We take licks -left-right-center. I'm happy the young lads putting up a fight its about time we get back to the top. Auzzies fishing in the caribbean sea. They playing cricket as thought they are not aware of the caribbean pitches. luckly they pull off a close one the last time but i do hope sammy learn some vital elements to lead and to make bold decisions. Clerk flip flops alot i just want to know honestly if they had loose the last test if he would have had shoulder to take the critics. 2nd Test on 1st day WI won and i hope they knock them over early and set tuff target for them this time.

Posted by Meety on (April 16, 2012, 13:05 GMT)

@C--H - I agree, it's interesting that Cowan got bagged on the online commentry & by posters on this site for being too slow in the run chase, then it comes out that he was following PRECISE instructions from Clarke! Can't win with some people!!!!!

Posted by Aussasinator on (April 16, 2012, 12:54 GMT)

I feel Ponting should continue for some time. Till he's thoroughly reduced to shambles. He won't leave until he's thrown out.

Posted by C--H on (April 16, 2012, 10:06 GMT)
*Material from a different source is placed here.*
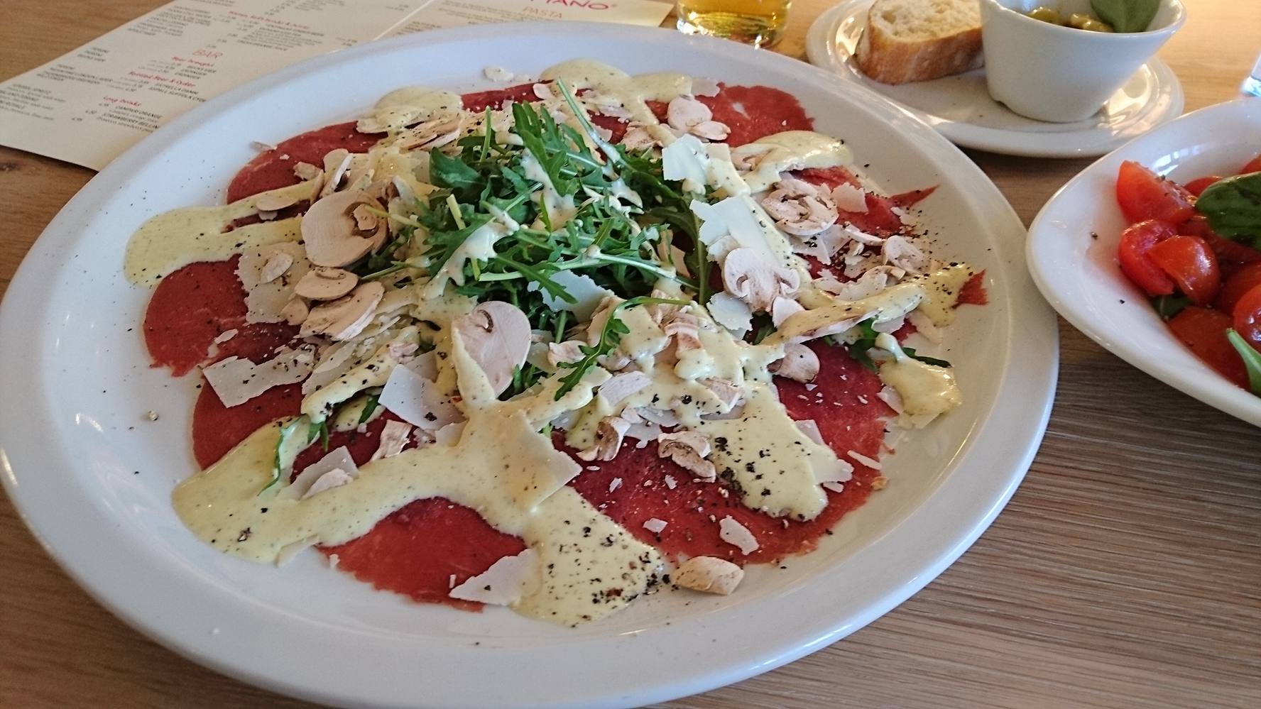 Onto the food – and this is where Vapiano wins. For starters, the Insalata Caprese, a classic, simple concoction of tomatoes, mozzarella and fresh basil, was executed so well it was transformed into a generous, juicy dish. Meanwhile James chose something he’d never tried: the Carpaccio, a huge plate decorated with finely sliced beef fillet, a tangy cipriana sauce, a scattering of mushrooms and finished with rocket and Grana Padano. Utter perfection.

I actually don't see why everyone's bashing Cowan. He's doing his job (that of taking the shine off the ball and not immediately falling) extremely well. Sure, he's not scoring very much, but he consistently stays in for a reasonably long amount of time and reliably adds 20-30 runs almost every time he plays. Eventually he'll be able to score more and stay in longer, but if you want fireworks, look to the other batsman in the opening partnership. He's never made the No.3 do the opener's job.

Posted by Vindaliew on (April 16, 2012, 9:26 GMT)

Ponting's dismissal had nothing to do with luck. If it was dropped it would have been luck, but if you edge to the keeper it's a poor shot - the fact that it was a rebound off a drop takes nothing away from the bowler, and gives no credit to the batsman.

Posted by johntycodes on (April 16, 2012, 8:25 GMT)

I reckon the DRS system in this match has a technical fault in it. Cowan was given out lbw even though no part of the ball hit him in line.

Posted by Patchmaster on (April 16, 2012, 5:50 GMT)

Jees.......if Aus struggle against WI bowlers, they're gonna get whooped by ENG, who have faster bowlers, better spinners and better catchers. Roll on the Ashes !

Posted by Vasi-Koosi on (April 16, 2012, 5:36 GMT)

Lot of questions on Ponting, Indians gave him a lifeline with 2 hundreds; The first was a scrapping innings and the second was against a team which had no clue; yes the 100's can be counted; but ponting did not answer any questions properly... This might be his last innings, sad as it might sound, some folks are destined to hang up after an away game...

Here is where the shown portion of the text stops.